Enterprise
The ownership of land and control over funding have brought
opportunities for economic self-sufficiency and expansion
previously unavailable to aboriginal groups. This last decade has
seen the rapid growth of a free-enterprise economy among
Canada's aboriginals, especially in the cities. In 1995 there were
an estimated 18,000 aboriginal-owned businesses across Canada.
About 66 percent of aboriginal businesses were in the service
sector; 13 percent were in construction and related sectors.
Another 12 percent were in the primary industries such as mining
and forestry, and 9 percent were businesses related to food
processing, clothing, furniture, publishing and other
manufacturing. One fast-growing area is aboriginal tourism, where
an insight is given into culture and environment. However,
employment and subsequent social problems (particularly among the
growing young population) are still rampant.

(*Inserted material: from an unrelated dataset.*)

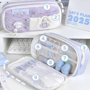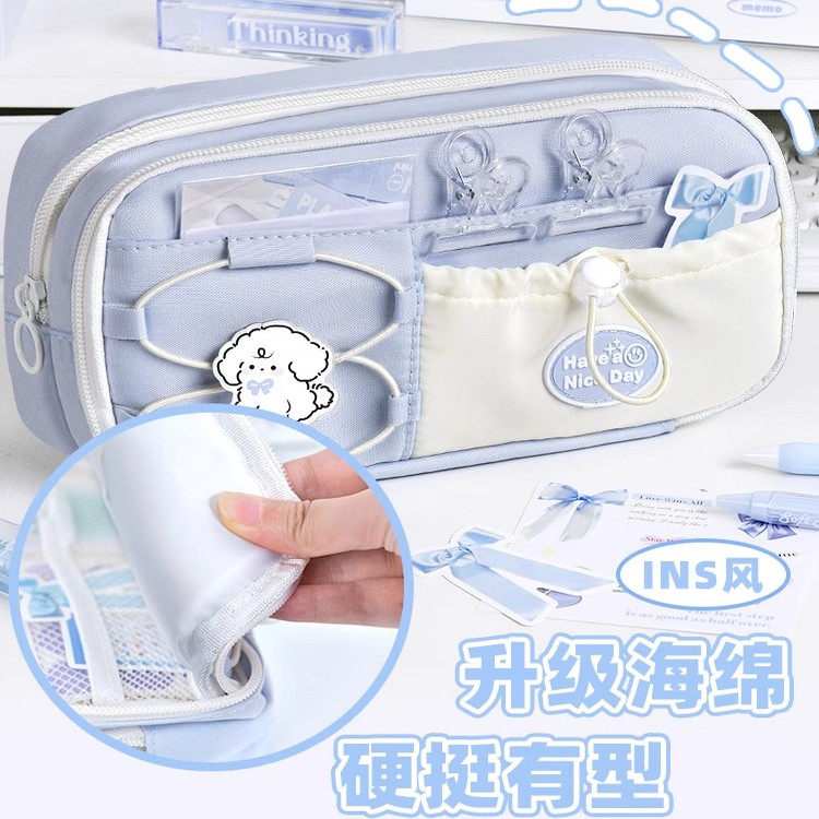 高颜值ins风儿童铅笔盒超火初中生简约高中生小学生文具袋 女孩小众不撞款 海盐奶蓝 笔袋大容量女生2025新款

Each year the oil-rich aborigines get $32 million in petroleum
revenues. This upsurge in revenue would seem to bode well, but
migration from the still impoverished reserves to the city (which
began three decades ago) is on the increase, resulting in an
unskilled and impoverished underclass of aborigines in Canadian
cities and a subsequent increase in social fragmentation, greater
unrest and increased crime. Most of the aborigine newcomers to the
cities are young, and they are increasingly angry with the federal
government and their own leaders. With 60 percent of aboriginal
populations now city-based, there has also been the formation of
young street gangs . Such gangs have made a mark in
Winnipeg, which has the nation's biggest aboriginal urban
population.
The anger that the street gangs epitomize has risen
across native communities. Gang members complain about financial
and political corruption by their leaders; young people, who make
up more than half of the native population, say they are being
ignored by an uncaring federal government and ineffectual elders.
As a young native activist said recently, "Most of us have nothing
to lose, so we will do what we have to to have our voices heard."
Violence is inevitable, and flared up most notoriously with
an armed standoff between Mohawk militants and the Canadian
military at Oka in 1990
. Five years later there was trouble again at Gustafsne Lake in
the British Columbia interior and Ipperwash Provincial Park on the
shores of Lake Huron. Meanwhile, the white attitude to militancy
has hardened. Tough prison sentences are passed out to native
protesters who break the law, yet there is little punishment for
police officers who overstep the mark - in 1997, an Ontario
Provincial policeman was given two years of community service after
he was found guilty of criminal negligence in the fatal shooting of
an aborigine demonstrator at Ipperwash Provincial Park.